Here are records with pictures in them. Copy all of them exactly and leave the pictures out.

====

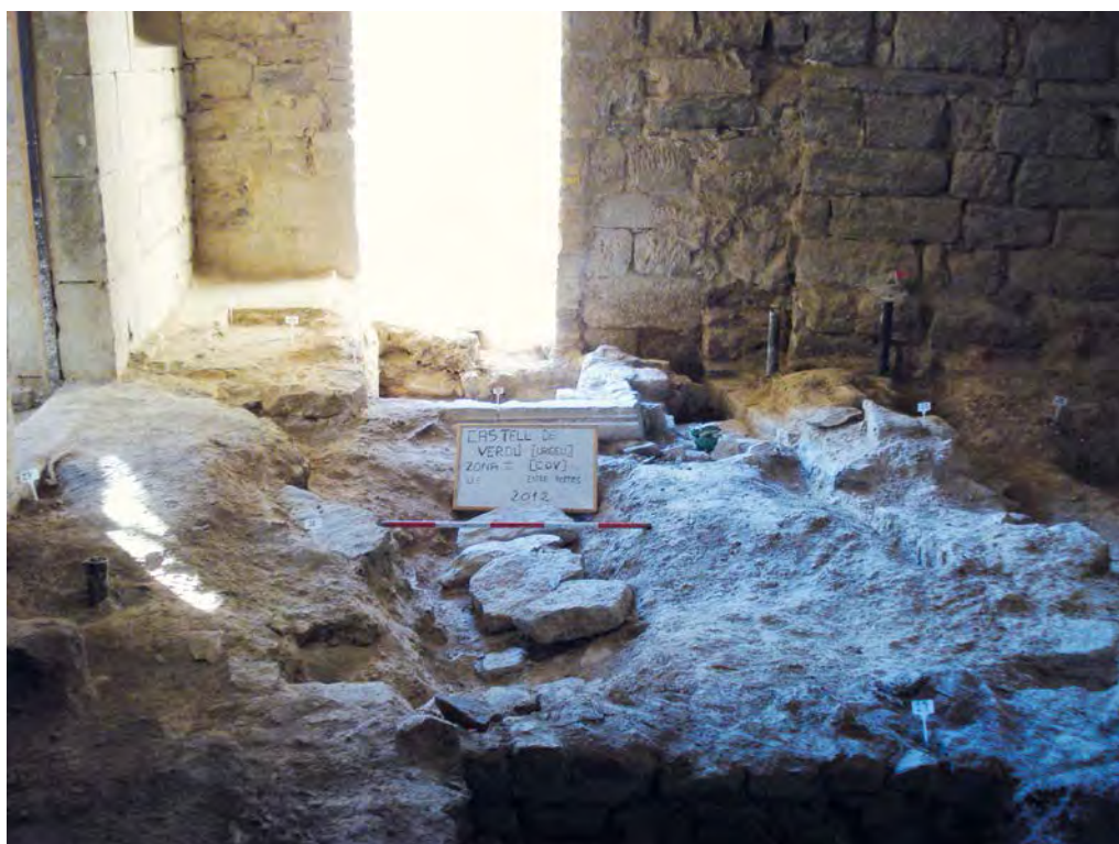
Foto 11. Mur UE 19 i canalització UE 20.
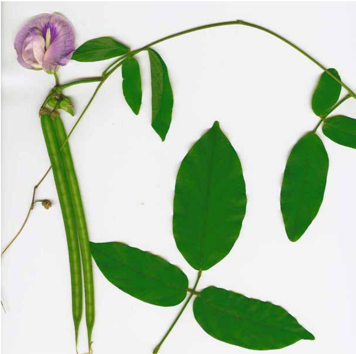
FIGURA 2 - Detalhes de folhas, flor e frutos de Centrosema macrocarpum

Para Schultze-Kraft et al. (1990) a ocorrência natural de C. macrocarpum está associada a solos ácidos de fertilidade média à baixa e com 430 a 4.000mm anuais de chuva. É uma espécie com grande potencial para alimentação animal (Schultze-Kraft, 1990), tolerante à seca e com forragem de boa qualidade (Coradin; Ramos, 2016). Não é severamente atacada por doenças que ocorrem tradicionalmente nas espécies do gênero Centrosema , podendo produzir até 15 toneladas de matéria seca/ha/ano (Tropical Forages, 2018). Costa e Oliveira (1993) reportaram uma produção de forragem de até 26 toneladas de matéria/há, nas condições climáticas de Rondônia. Com relação a fixação de nitrogênio, Vargas et al. (1993) relataram que C. macrocarpum apresentou baixa nodulação e não respondeu satisfatoriamente a inoculação com estirpes. Entretanto, em condições experimentais na Colômbia, Cook et al. (2005) obtiveram sucesso na seleção de estirpes que favoreceu o crescimento da espécie.
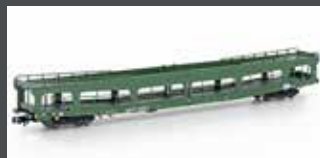
MF33300 AUTOTRANSPORTWAGEN DDM 916 DR, EP.IV
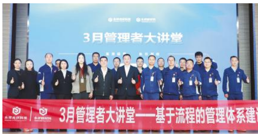
永祥光伏科技 & 永祥硅材料组织开展3月管理者大讲堂
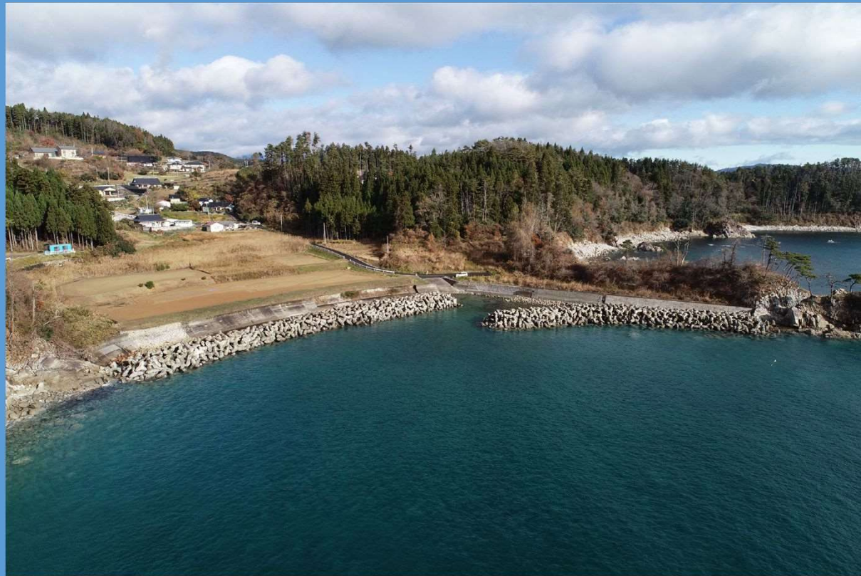
完成年月：平成25年1月
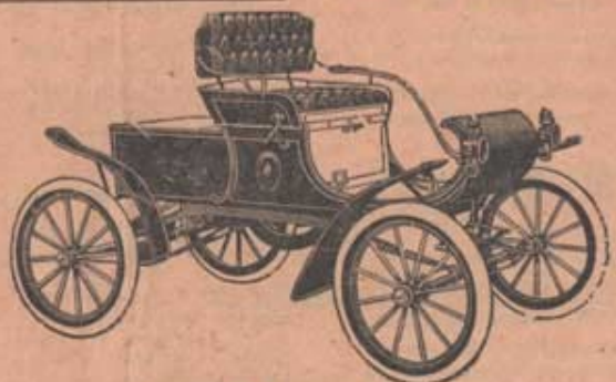
Stridsvagn ur Nordstatens pansarförband

Mycket annat skulle vara att säga om ettappgruppen. Man kanske får begränsa sig till att framhålla, att man numera strävar efter att göra förbandet till en organisation med moderna och rationella arbetsmetoder. Vi kan säkerligen var och en bidra till att det lyckas.
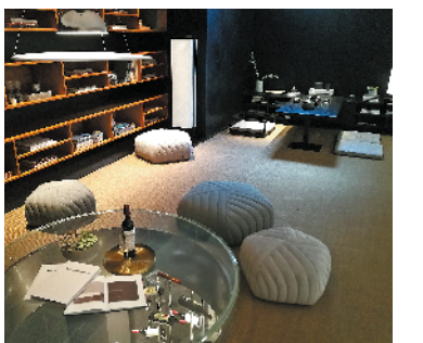
明珠天悦江湾赠送的地下室主要靠人工照明

135-160平方米的叠墅是该楼盘赠送面积最大的产品，虽然房产证部分面积有上下两层，但每套叠墅都送两层地下室，此外还有花园赠送，赠送面积据说有200平方米左右。不足之处是非首层的单位与赠送的地下室之间只能通过电梯交通，之间没有直接的楼梯相连，万一电梯失灵，去地下室还要绕道公共空间，非常麻烦。另外，地下室几乎没有天然采光和通风，所有赠送面积也可能不写进房产证。
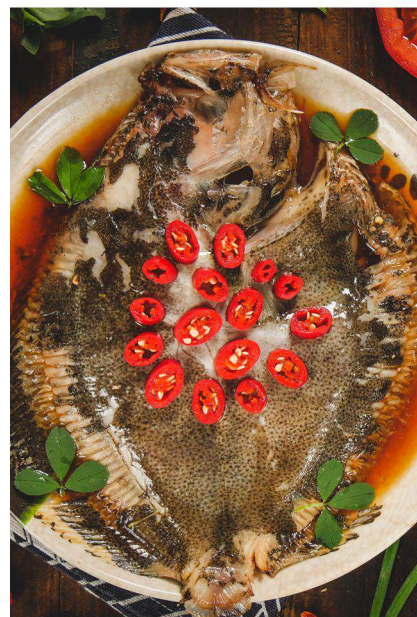
王家味窑餐厅 清蒸多宝鱼
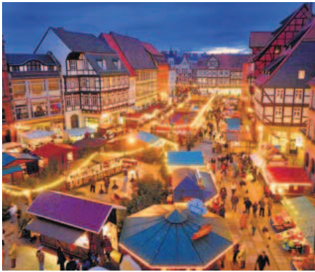
Es ist der Inbegriff der romantischen Adventszeit: der Weihnachtsmarkt in Quedlinburg.

Der Harz – Erholung in der Mitte Deutschlands
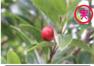
アカミノイヌツゲ 赤実の犬黄楊
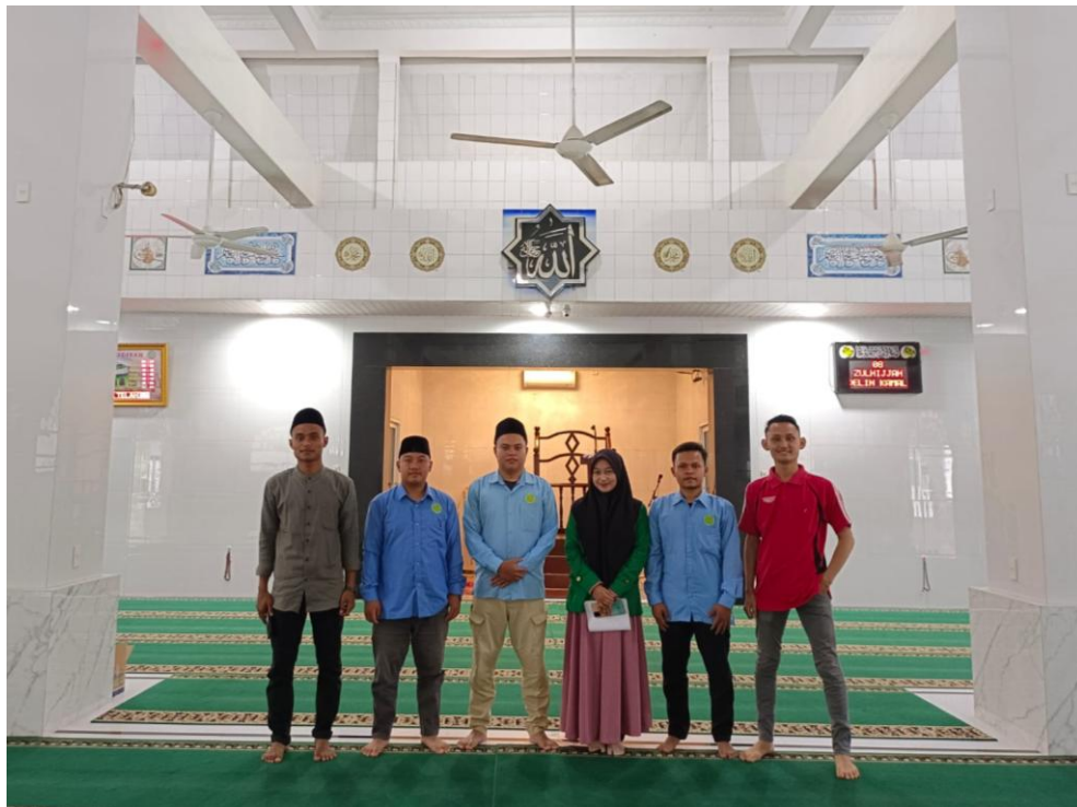
Gambar 3 Foto Bersama Pengurus BKPRMI
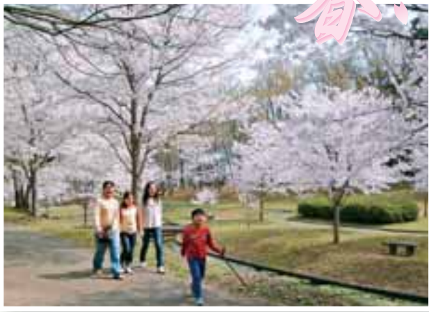
立岡自然公園 約2千本の桜が咲き誇る県下屈指の桜の名所
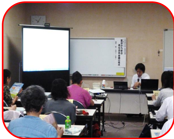
憲法週間記念市民講座・くらし塾セミナー②の様子
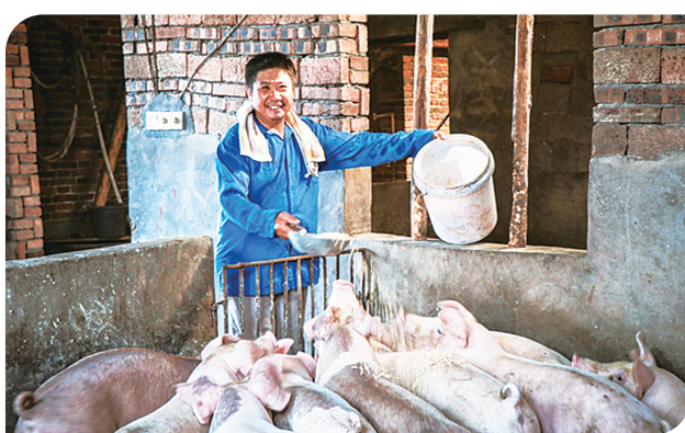
贫困户通过发展养殖业增收。
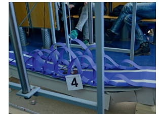
Beispiel für die Brücken-Box

Mit der Teilnahme am Schülerwettbewerb erklären sich die Teilnehmenden damit einverstanden, dass Mitarbeiter und/oder beauftragte Dienstleister Foto- und/oder Filmaufnahmen zum Wettbewerb anfertigen. Die Aufnahmen dienen nicht-kommerziellen Werbezwecken, sie sollen in eigenen Print- und Onlinemedien veröffentlicht werden und externen Medien (Print, Rundfunk, Online) zur Veröffentlichung zur Verfügung gestellt werden. Die Teilnehmenden erklären mit Ihrer Anmeldung am Wettbewerb, dass die Zustimmung zur Veröffentlichung wie vorgenannt vorliegt.
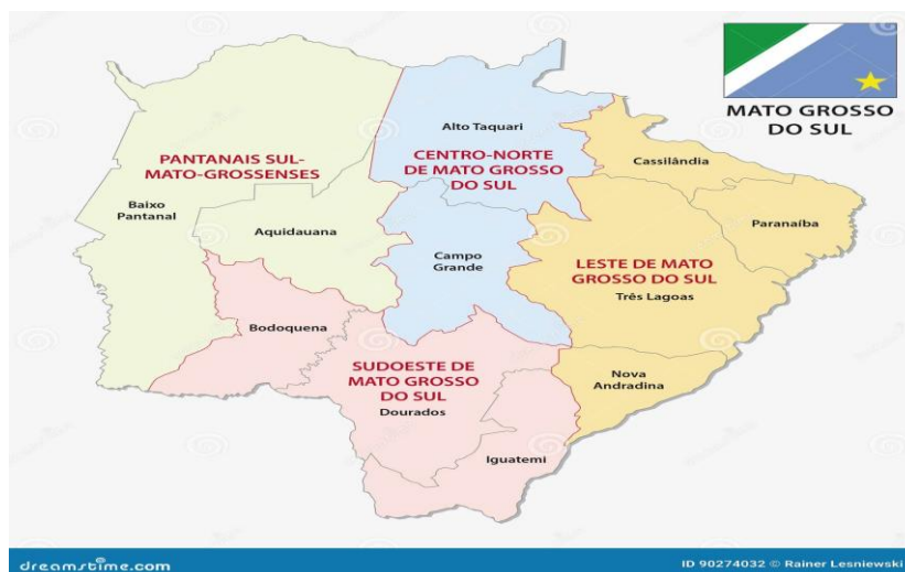
Imagem do Amapá:- 01. Do município de Aquidauana, segundo dados do O Instituto Brasileiro de Geografia e Estatística - (IBGE, 2022).
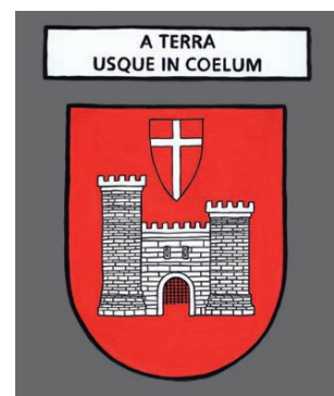
Romont - De la terre jusqu'au ciel
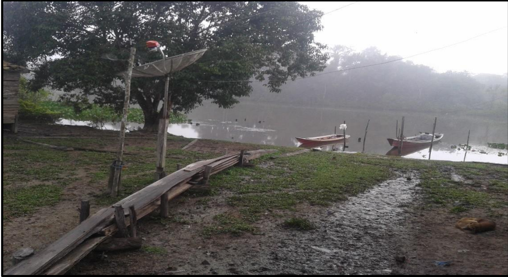
Foto 10: Quintal da casa de Cora.

====

Task output:
Foto 11. Mur UE 19 i canalització UE 20.
FIGURA 2 - Detalhes de folhas, flor e frutos de Centrosema macrocarpum

Para Schultze-Kraft et al. (1990) a ocorrência natural de C. macrocarpum está associada a solos ácidos de fertilidade média à baixa e com 430 a 4.000mm anuais de chuva. É uma espécie com grande potencial para alimentação animal (Schultze-Kraft, 1990), tolerante à seca e com forragem de boa qualidade (Coradin; Ramos, 2016). Não é severamente atacada por doenças que ocorrem tradicionalmente nas espécies do gênero Centrosema , podendo produzir até 15 toneladas de matéria seca/ha/ano (Tropical Forages, 2018). Costa e Oliveira (1993) reportaram uma produção de forragem de até 26 toneladas de matéria/há, nas condições climáticas de Rondônia. Com relação a fixação de nitrogênio, Vargas et al. (1993) relataram que C. macrocarpum apresentou baixa nodulação e não respondeu satisfatoriamente a inoculação com estirpes. Entretanto, em condições experimentais na Colômbia, Cook et al. (2005) obtiveram sucesso na seleção de estirpes que favoreceu o crescimento da espécie.
MF33300 AUTOTRANSPORTWAGEN DDM 916 DR, EP.IV
永祥光伏科技 & 永祥硅材料组织开展3月管理者大讲堂
完成年月：平成25年1月
Stridsvagn ur Nordstatens pansarförband

Mycket annat skulle vara att säga om ettappgruppen. Man kanske får begränsa sig till att framhålla, att man numera strävar efter att göra förbandet till en organisation med moderna och rationella arbetsmetoder. Vi kan säkerligen var och en bidra till att det lyckas.
明珠天悦江湾赠送的地下室主要靠人工照明

135-160平方米的叠墅是该楼盘赠送面积最大的产品，虽然房产证部分面积有上下两层，但每套叠墅都送两层地下室，此外还有花园赠送，赠送面积据说有200平方米左右。不足之处是非首层的单位与赠送的地下室之间只能通过电梯交通，之间没有直接的楼梯相连，万一电梯失灵，去地下室还要绕道公共空间，非常麻烦。另外，地下室几乎没有天然采光和通风，所有赠送面积也可能不写进房产证。
王家味窑餐厅 清蒸多宝鱼
Es ist der Inbegriff der romantischen Adventszeit: der Weihnachtsmarkt in Quedlinburg.

Der Harz – Erholung in der Mitte Deutschlands
アカミノイヌツゲ 赤実の犬黄楊
Gambar 3 Foto Bersama Pengurus BKPRMI
立岡自然公園 約2千本の桜が咲き誇る県下屈指の桜の名所
憲法週間記念市民講座・くらし塾セミナー②の様子
贫困户通过发展养殖业增收。
Beispiel für die Brücken-Box

Mit der Teilnahme am Schülerwettbewerb erklären sich die Teilnehmenden damit einverstanden, dass Mitarbeiter und/oder beauftragte Dienstleister Foto- und/oder Filmaufnahmen zum Wettbewerb anfertigen. Die Aufnahmen dienen nicht-kommerziellen Werbezwecken, sie sollen in eigenen Print- und Onlinemedien veröffentlicht werden und externen Medien (Print, Rundfunk, Online) zur Veröffentlichung zur Verfügung gestellt werden. Die Teilnehmenden erklären mit Ihrer Anmeldung am Wettbewerb, dass die Zustimmung zur Veröffentlichung wie vorgenannt vorliegt.
Imagem do Amapá:- 01. Do município de Aquidauana, segundo dados do O Instituto Brasileiro de Geografia e Estatística - (IBGE, 2022).
Romont - De la terre jusqu'au ciel
Foto 10: Quintal da casa de Cora.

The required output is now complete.